Funny thing is they did charge Gas on the cards!!

Around here you need the card to charge your gas...

Hey gang,

I was just talking to a great friend about this yesterday. I bought myself a shredder just to screw up the dumpster divers. Important to shred any of your bank account statements you get each month or any documents like paycheck stubs that has you account number on it etc.

I sure most of you have seen this, if not here is some pretty good advice about protecting yourself against identity theft ;) Cheers everyone!!! :D

http://moneycentral.msn.com/content/Banking/FinancialPrivacy/P33715.asp

I was talking to my girl last night and she just got popped for two AmEx travelers checks for like $250 each on her card.

3 weeks ago, her boss got popped for a pair of round trip plane tickets on her card.

The connection, they both made the transactions on the same unsecured, non-encrypted wi-fi network they use in the office.

Moral: Wi-fi networks, no WEP encryption...bad. Don't use your on line banking at a coffee shop like they do in the commercials.

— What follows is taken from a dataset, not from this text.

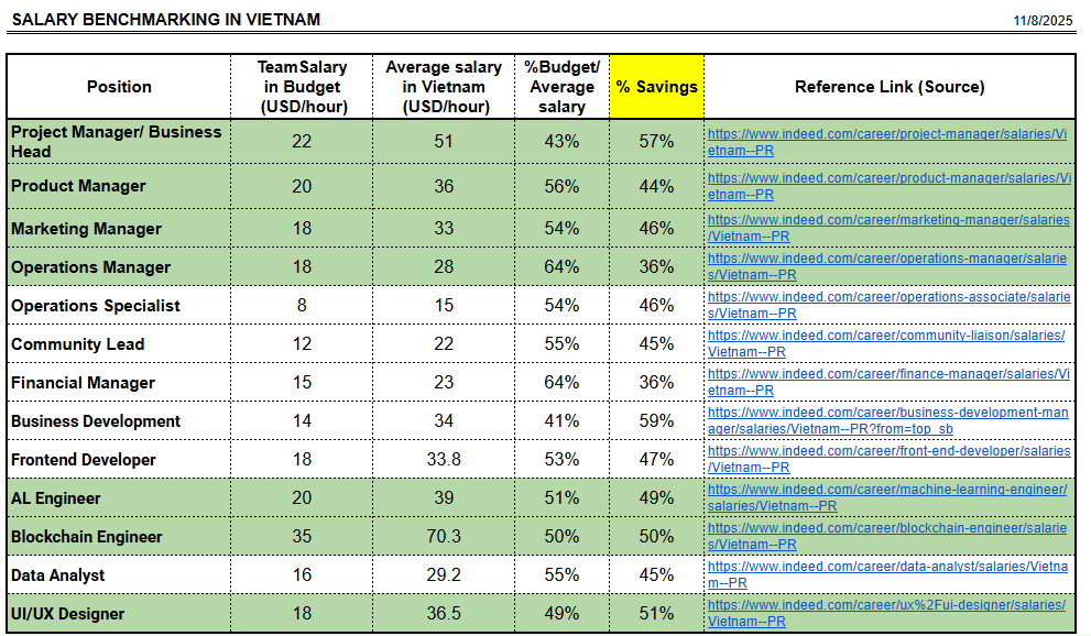 Our team operates at 36–57% lower salary benchmarks compared to similar AI/blockchain product teams in the US, EU, or Singapore, due to strategic location in emerging tech hubs with lower cost-of-living.

It's not difficult for criminals to buy equipment to make credit/debit cards, I saw it on a documentry, they get a load of blank cards with the banks logo printed on it, and with a piece of equipment, small enough to fit in your pocket, they can stamp names and numbers on it, and put the required information on the card swipe.

I hope Despirina gets reimbursed for the money she lost.

Bleh....this certainly has been a huge learning ordeal. There has been a lot of paperwork and interviews regarding this loss - and the time involved also needs to be factored. It has been a substantial disruption on all levels - and although the monies will be returned eventually - this one account remains depleted for now.

Bottom line when somebody steals your money by fraudlent use of your ATM or credit card, the funds do post and the money is withdrawn from your account! So take heed of Ray and Otto's advice cuz their suggestions are extremely excellent and valid!

Seems lotsa ppl assume that once the fraud is discovered the money is automatically reimbursed. It is not. What does happen however, is your bank card is cancelled, your account is frozen - for me I hate the not swiping the card thing at the gas station - bleh - i hate leaving my car and walking in to get gas - and although the excercise is good for me - irkes me no end! :mad: We forget how convenient these cards are!

Estimates have been given of 2 wks to 3 months :eek: for the investigation to be finalized and the funds reimbursed. I'm trying to be optimistic. Very true GTsnapper - cards are easily duplicated - all theives need are the numbers.

Finally and ultimately, I think the even bigger problem looms down the road for all of us - as we tend to overlook this "minor detail" - I've had stolen about 1/2 of what it costs to buy that M3 that GTsnapper is showing on his avatar...and sure insurance pays for it...but ultimately we as consumers and clients of the bank get to pay for this theft in the form of increased bank charges and fees. Donchya just hate it!

This is why I check my bank account balance and credit card balance online, at LEAST every other day...so I can see all transactions and make sure nothing fishy is going on. Identity theft is scary.... :eek:

Also be careful when Web sites ask you for personal information when you sign up. For example, this Web site asks you for your birthday when you sign up. NEVER give information like that to anyone unless it is required for business purposes and there is a a logical justification for them to need it. An entertainment Web site should never ask for your birthday, it's a bad security practice (at least) and can have outright criminal intent in some cases.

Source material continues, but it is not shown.